B -> HTLC(expire = X + delta) -> C -> HTLC(expire = X) -> D

So D is not required to reveal the preimage before time X, and in the case
of an on-chain settle, C needs to be able to redeem the HTLC output through
the timeout clause before time X + delta. C can't redeem the HTLC (with
sufficient confirmations) at least until the settlement transaction is
confirmed. So it seems to me that regardless of the overall route and the
maximum CSV on it, the delta for the C hop has to be greater than the CSV
delay on the update transaction. And that this must be true at every hop
for the same reason.

On Tue, May 1, 2018 at 9:29 AM, Christian Decker <decker.christ...@gmail.com
> wrote:

> Jim Posen <jim.po...@gmail.com> writes:
> > Can you explain why a fixed offset along the whole circuit is enough to
> > ensure safely as opposed to an increased delta at each hop?

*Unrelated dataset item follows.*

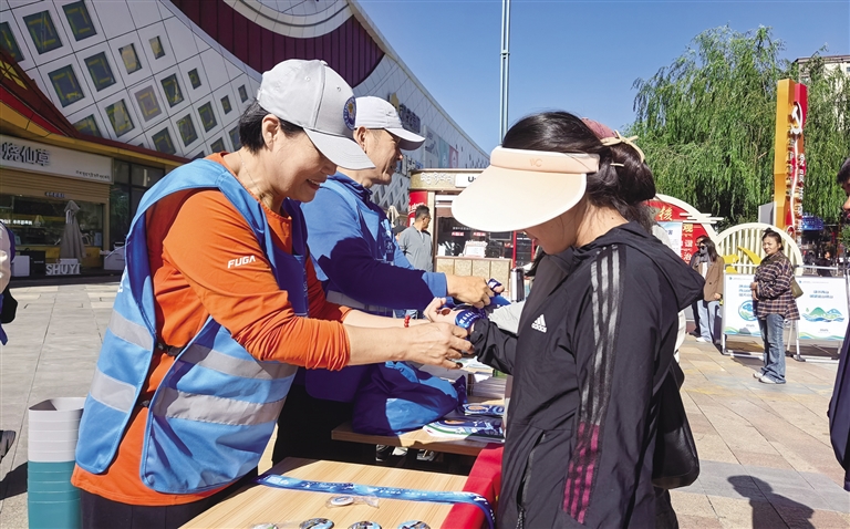 志愿者為市民系上象征保護生態(tài)環(huán)境的藍絲帶。

> Sure. Let's assume we have chosen a path `A->B->C->D->E`. For simplicity
> let's assume they all have a CLTV delta of 144 blocks (lnd's default
> setting). Furthermore let's assume that the CSV timeout for the channels
> is also 144.
> This means that with the current LN-penalty mechanism you'd have the
> following CLTV deltas in the HTLC:
> ```
> A -(576)-> B -(432)-> C -(288)-> D -(144)-> E
> ```
> Meaning that if the current time is approaching the absolute CLTV we
> need initiate a channel closure to safely fetch the preimage on-chain,
> and be able to turn around and send it on the upstream channel.

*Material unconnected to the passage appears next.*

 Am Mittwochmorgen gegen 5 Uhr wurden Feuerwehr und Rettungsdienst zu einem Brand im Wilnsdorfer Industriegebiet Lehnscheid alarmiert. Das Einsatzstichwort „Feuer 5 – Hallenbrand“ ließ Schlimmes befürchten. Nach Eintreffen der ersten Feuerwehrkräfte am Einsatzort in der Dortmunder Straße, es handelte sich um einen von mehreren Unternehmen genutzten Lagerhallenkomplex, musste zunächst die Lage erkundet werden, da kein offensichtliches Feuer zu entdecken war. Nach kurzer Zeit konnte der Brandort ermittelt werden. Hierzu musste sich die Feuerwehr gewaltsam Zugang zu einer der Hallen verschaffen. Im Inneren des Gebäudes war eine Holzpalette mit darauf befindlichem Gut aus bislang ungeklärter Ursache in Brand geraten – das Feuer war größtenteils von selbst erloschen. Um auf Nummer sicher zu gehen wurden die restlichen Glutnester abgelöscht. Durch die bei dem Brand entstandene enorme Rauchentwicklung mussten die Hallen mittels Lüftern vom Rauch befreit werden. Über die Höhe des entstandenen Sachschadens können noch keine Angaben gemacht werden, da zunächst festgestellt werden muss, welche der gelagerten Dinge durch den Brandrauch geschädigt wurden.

> This is minimal, but can be arbitrarily higher, if you follow the best
> practice of obfuscating the final destination by building a shadow route
> behind the real recipient, and add it's CLTV deltas and fees to your
> route.
> With eltoo you'd need to make sure that you have the settlement
> transaction confirmed before your desired CLTV timeout delta begins to
> count down. So if the CLTV of the HTLC is `now + CSV timeout + CLTV
> delta` you need to initiate a close, whereas Lightning allows you to
> wait for time `now + CLTV delta`. Effectively this results in the
> following time deltas:
> ```
> A -(576+144)-> B -(432+144)-> C -(288+144)-> D -(144+144)-> E
> ```
> Taking the last hop for example, if we had a CLTV of 1000 with eltoo
> we'd need to start closing at height 712, instead of 856 with
> LN-penalty. However, this increased delta does not accumulate along the
> path, it's just a fixed offset. The longer the route, the smaller the
> actual impact of this offset.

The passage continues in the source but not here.